What this task involves: Set down the lines below, exactly, starting at the one that contains "Step2Divide batter evenly" and stopping at the last line, inclusive. Omit pictures.
[Supplied material — start]
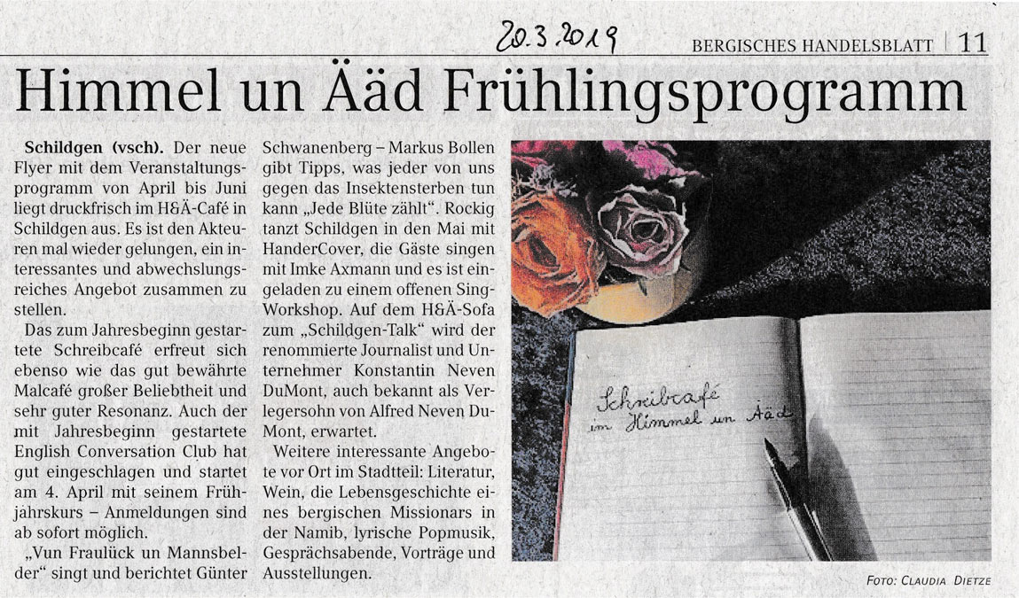 Der neue Flyer mit dem Veranstaltungsprogramm von April bis Juni liegt druckfrisch im H&Ä-Café in Schildgen aus.
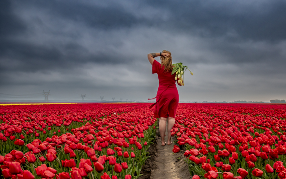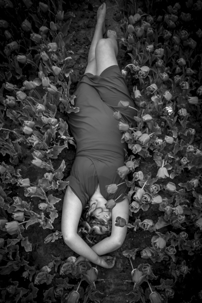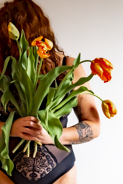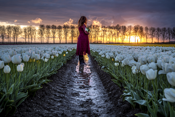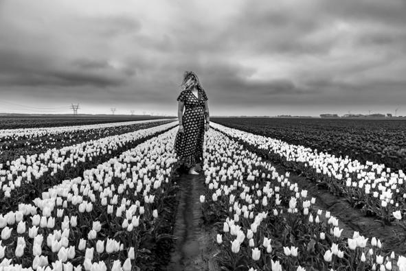 Vaak spelen bloemen een rol in mijn beelden — vooral tulpen. Hun vorm, kwetsbaarheid en kracht raken iets dat ik moeilijk in woorden kan vatten. Ze staan voor groei, loslaten en durven bloeien — net als wij.
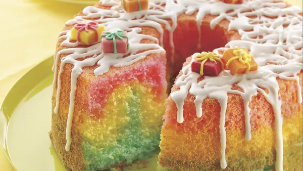 Step2Divide batter evenly among 3 bowls. Gently stir 6 to 8 drops of one food color into each of the batters. Pour red batter into ungreased 10-inch angel food (tube) cake pan. (Do not use fluted tube cake pan or 9-inch angel food pan or batter will overflow.) Spoon yellow batter over red batter. Spoon green batter over top.
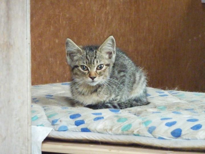 適当な段ボールに入れて撫で撫でしつつ夫を呼んでみた。
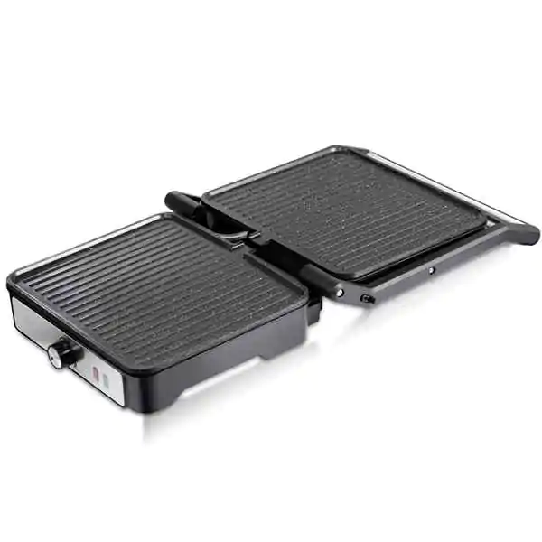 • Raf električni gril R.2301 snage 2000W donosi profesionalno iskustvo pečenja direktno u vašu kuhinju. Savršen za pripremu mesa, povrća, sendviča i drugih omiljenih jela, ovaj kompaktni električni gril obezbeđuje brzo i ravnomerno pečenje zahvaljujući obostranom zagrevanju. Zahvaljujući otvaranju do 180 stepeni, može se koristiti i kao ravna roštilj ploča – idealno za doručak, ručak ili brzi večernji obrok.
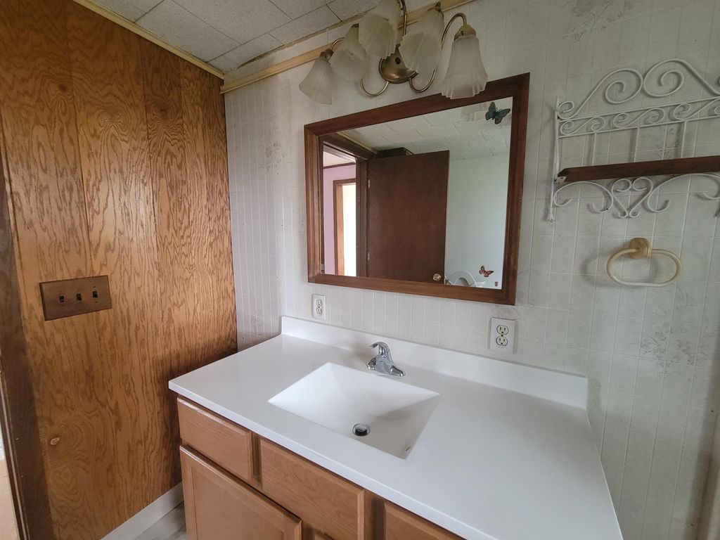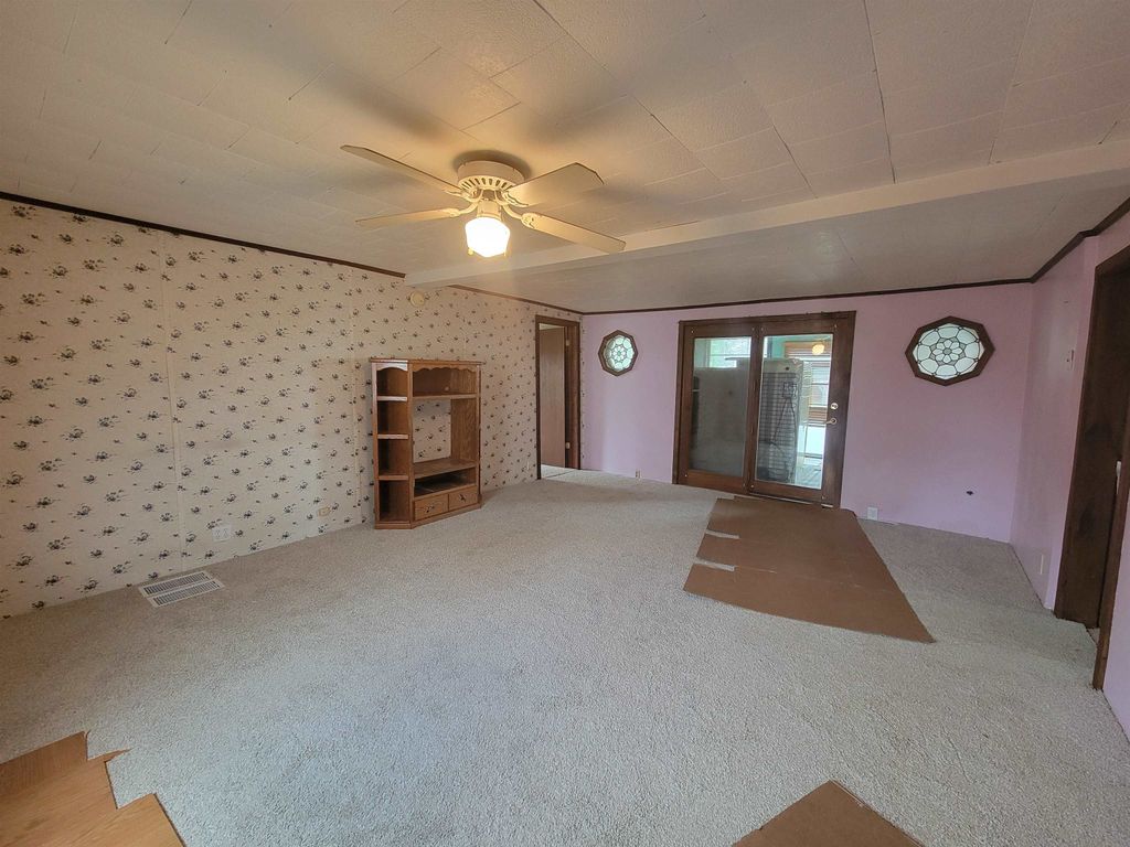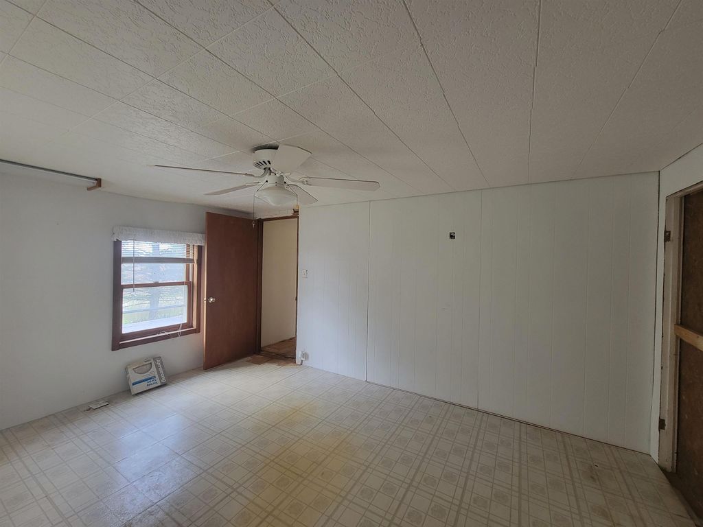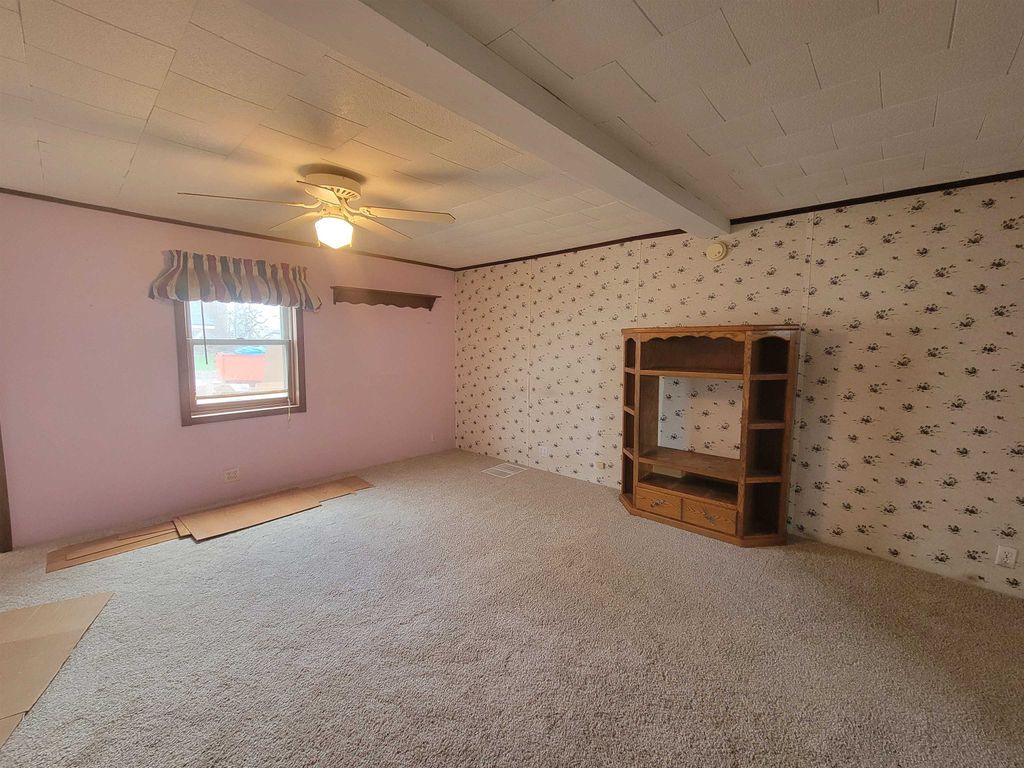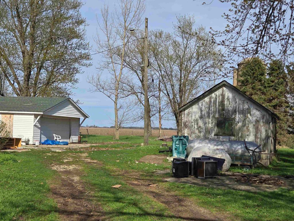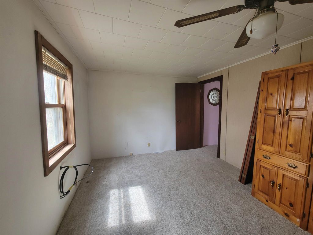 Spacious older farmhouse with lots of potential. Huge "Country Kitchen" has been recently updated with brand new lower cabinets, counters and flooring. Newer carpeting in living room and main floor bedroom. Upstairs carpet will need to be replaced. Private, peaceful 2 acre setting with mature trees. Nice sized two car garage. Due to recent storms, the main roof has had some shingles lifted and owner is in process of repairing. Could be a lovely property once again with some TLC.
[Supplied material — finish]
Solution for this problem:
 Step2Divide batter evenly among 3 bowls. Gently stir 6 to 8 drops of one food color into each of the batters. Pour red batter into ungreased 10-inch angel food (tube) cake pan. (Do not use fluted tube cake pan or 9-inch angel food pan or batter will overflow.) Spoon yellow batter over red batter. Spoon green batter over top.
 適当な段ボールに入れて撫で撫でしつつ夫を呼んでみた。
 • Raf električni gril R.2301 snage 2000W donosi profesionalno iskustvo pečenja direktno u vašu kuhinju. Savršen za pripremu mesa, povrća, sendviča i drugih omiljenih jela, ovaj kompaktni električni gril obezbeđuje brzo i ravnomerno pečenje zahvaljujući obostranom zagrevanju. Zahvaljujući otvaranju do 180 stepeni, može se koristiti i kao ravna roštilj ploča – idealno za doručak, ručak ili brzi večernji obrok.
 Spacious older farmhouse with lots of potential. Huge "Country Kitchen" has been recently updated with brand new lower cabinets, counters and flooring. Newer carpeting in living room and main floor bedroom. Upstairs carpet will need to be replaced. Private, peaceful 2 acre setting with mature trees. Nice sized two car garage. Due to recent storms, the main roof has had some shingles lifted and owner is in process of repairing. Could be a lovely property once again with some TLC.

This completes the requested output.